Dataset content:

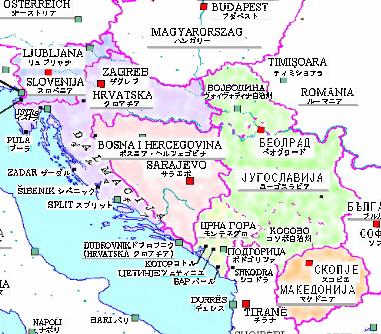 ティトー統治下のユーゴスラビア共和国は、パルチザンの英雄ティトーへの個人的信頼、政府の国内一体化政策、冷戦下における国際関係の緊張などの中、表面的には安定を保つが、小規模な内乱や自治権拡大運動は頻発した。 1980年、英雄ティトーが死去すると、国内は動揺し始めた。おりから国内の経済は低迷し、それが民族主義の台頭に火をつけた。セルビア内のコソヴォ自治州はアルバニア人が人口の9割を占め、1968年、1981年の反乱を始め小規模の動乱が散発していたが、1990年7月ついに独立を宣言した(1999年2月現在、内戦状態となっている)。 一方連邦の北端に位置するスロベニアは元来ドイツやイタリアとの結びつきが強く、経済的な発展、西欧的な気質などの点でセルビアと大いに異なっており、些細な事件を発端に1987年頃から反セルビア意識が強まりつつあった。 1990年、東西ドイツが再統一され東欧の民主化が進むなか、ユーゴに初めて導入された複数政党制選挙が実施されると、セルビア人が多数を占めるセルビアとモンテネグロを除いてはいずれも民族主義政党が勝利を納めた。 こうなると連邦崩壊は時間の問題であった。国家連合形態のあり方をめぐり連邦内各国の対立は収拾がつかず、1991年6月スロベニアが独立を宣言し、クロアチアもやや曖昧ながら事実上の独立を宣言した。このスロベニアとクロアチアの宣言の特徴は、セルビア人支配からの脱却もさることながら、先進地域である自国を後進地域である他の地域から切り離したいという、経済的な切り捨て思考に基づいた部分が少なからずあったということである。 |
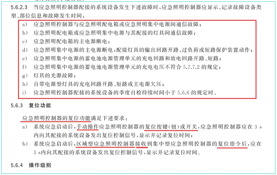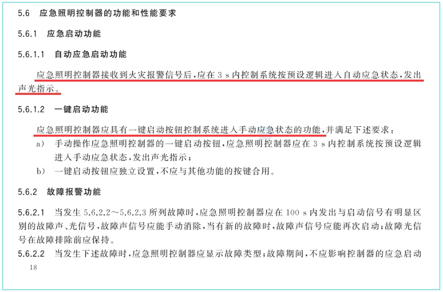 17.应急照明控制器的功能要求:自动应急启动、一键启动功能、故障报警功能、复位功能等。
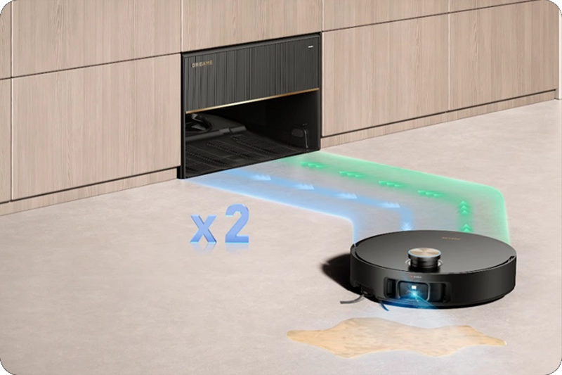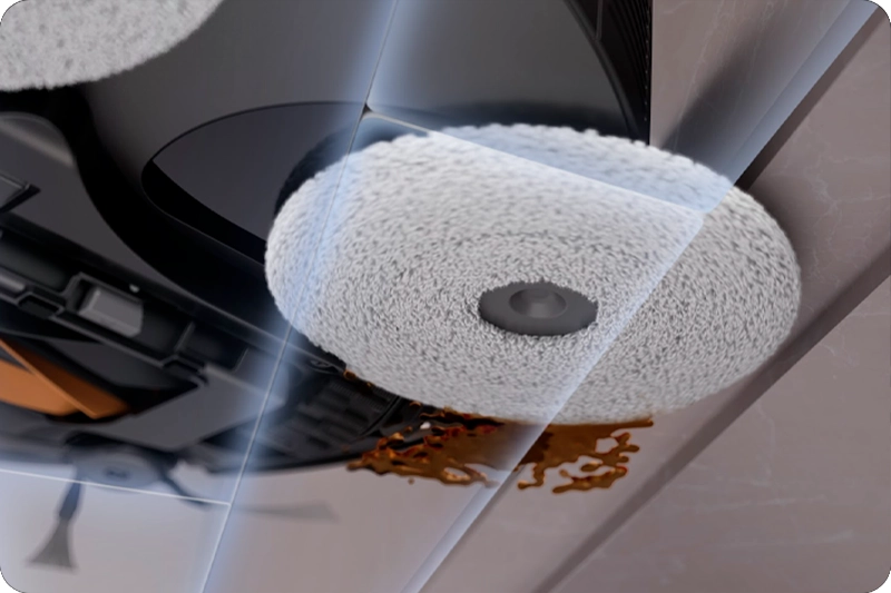 Піднімайте миючі насадки для сухого прибирання або обходьте килими з низьким, середнім або високим ворсом. Режим глибокого очищення дозволяє досягти максимальної чистоти навіть у волокнах килимів, адже Dreame посилює потужність для ретельного очищення. Крім того, є ще один сценарій – коли робот скидає миючі насадки, перш ніж заїхати на килим та перейти до сухого прибирання.
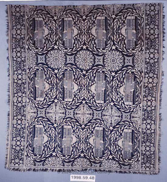 Figured coverlet; undyed cotton and blue wool, double cloth. Center seam joins two panels. Hemmed top, fringed sides and bottom. Central motif is a modified representation of the capitol building in Washington D.C. with two flags flying on either side of the dome, stars surrounding the dome, and the scales of justice atop the dome. This motif is repeated throughout the coverlet. The depiction is encircled with a wreath of laurel. Between the capitol building are two circular designs, one of a four part floral design and the second a stylized leaf design with a star burst center. Borders on each side contain circular rose patterns with starburst centers.Collection
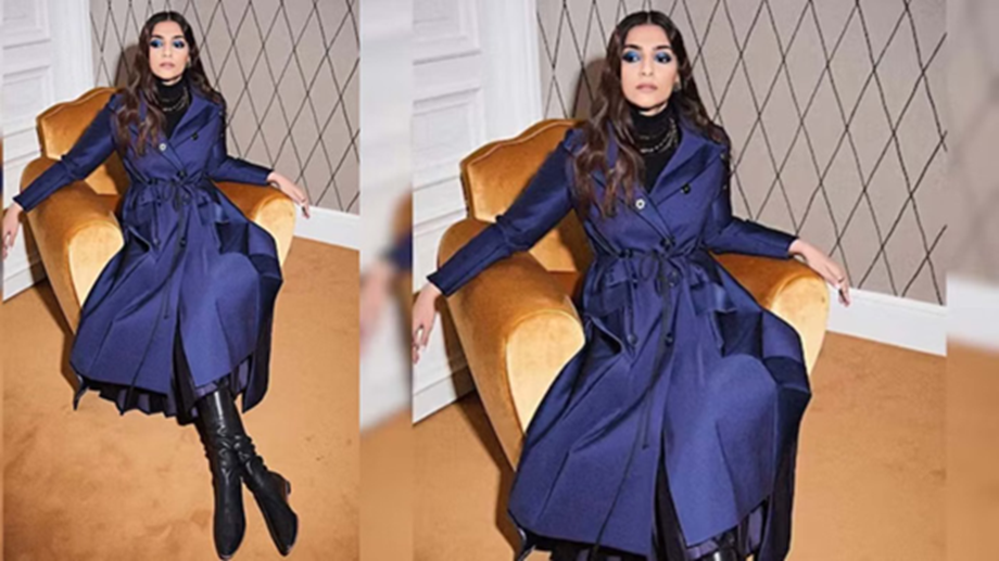 Girls who love layering can take tips from Sonam Kapoor's look. For this, you can also wear pointed heels. Wear a blue long dress with a black turtleneck. Complete the look with highlighted eye makeup and keep your hair open.

Instructions for the task:
From the first line to the last, retype the entries above exactly, minus the pictures.

Task answer:
 ティトー統治下のユーゴスラビア共和国は、パルチザンの英雄ティトーへの個人的信頼、政府の国内一体化政策、冷戦下における国際関係の緊張などの中、表面的には安定を保つが、小規模な内乱や自治権拡大運動は頻発した。 1980年、英雄ティトーが死去すると、国内は動揺し始めた。おりから国内の経済は低迷し、それが民族主義の台頭に火をつけた。セルビア内のコソヴォ自治州はアルバニア人が人口の9割を占め、1968年、1981年の反乱を始め小規模の動乱が散発していたが、1990年7月ついに独立を宣言した(1999年2月現在、内戦状態となっている)。 一方連邦の北端に位置するスロベニアは元来ドイツやイタリアとの結びつきが強く、経済的な発展、西欧的な気質などの点でセルビアと大いに異なっており、些細な事件を発端に1987年頃から反セルビア意識が強まりつつあった。 1990年、東西ドイツが再統一され東欧の民主化が進むなか、ユーゴに初めて導入された複数政党制選挙が実施されると、セルビア人が多数を占めるセルビアとモンテネグロを除いてはいずれも民族主義政党が勝利を納めた。 こうなると連邦崩壊は時間の問題であった。国家連合形態のあり方をめぐり連邦内各国の対立は収拾がつかず、1991年6月スロベニアが独立を宣言し、クロアチアもやや曖昧ながら事実上の独立を宣言した。このスロベニアとクロアチアの宣言の特徴は、セルビア人支配からの脱却もさることながら、先進地域である自国を後進地域である他の地域から切り離したいという、経済的な切り捨て思考に基づいた部分が少なからずあったということである。 |
 17.应急照明控制器的功能要求:自动应急启动、一键启动功能、故障报警功能、复位功能等。
 Піднімайте миючі насадки для сухого прибирання або обходьте килими з низьким, середнім або високим ворсом. Режим глибокого очищення дозволяє досягти максимальної чистоти навіть у волокнах килимів, адже Dreame посилює потужність для ретельного очищення. Крім того, є ще один сценарій – коли робот скидає миючі насадки, перш ніж заїхати на килим та перейти до сухого прибирання.
 Figured coverlet; undyed cotton and blue wool, double cloth. Center seam joins two panels. Hemmed top, fringed sides and bottom. Central motif is a modified representation of the capitol building in Washington D.C. with two flags flying on either side of the dome, stars surrounding the dome, and the scales of justice atop the dome. This motif is repeated throughout the coverlet. The depiction is encircled with a wreath of laurel. Between the capitol building are two circular designs, one of a four part floral design and the second a stylized leaf design with a star burst center. Borders on each side contain circular rose patterns with starburst centers.Collection
 Girls who love layering can take tips from Sonam Kapoor's look. For this, you can also wear pointed heels. Wear a blue long dress with a black turtleneck. Complete the look with highlighted eye makeup and keep your hair open.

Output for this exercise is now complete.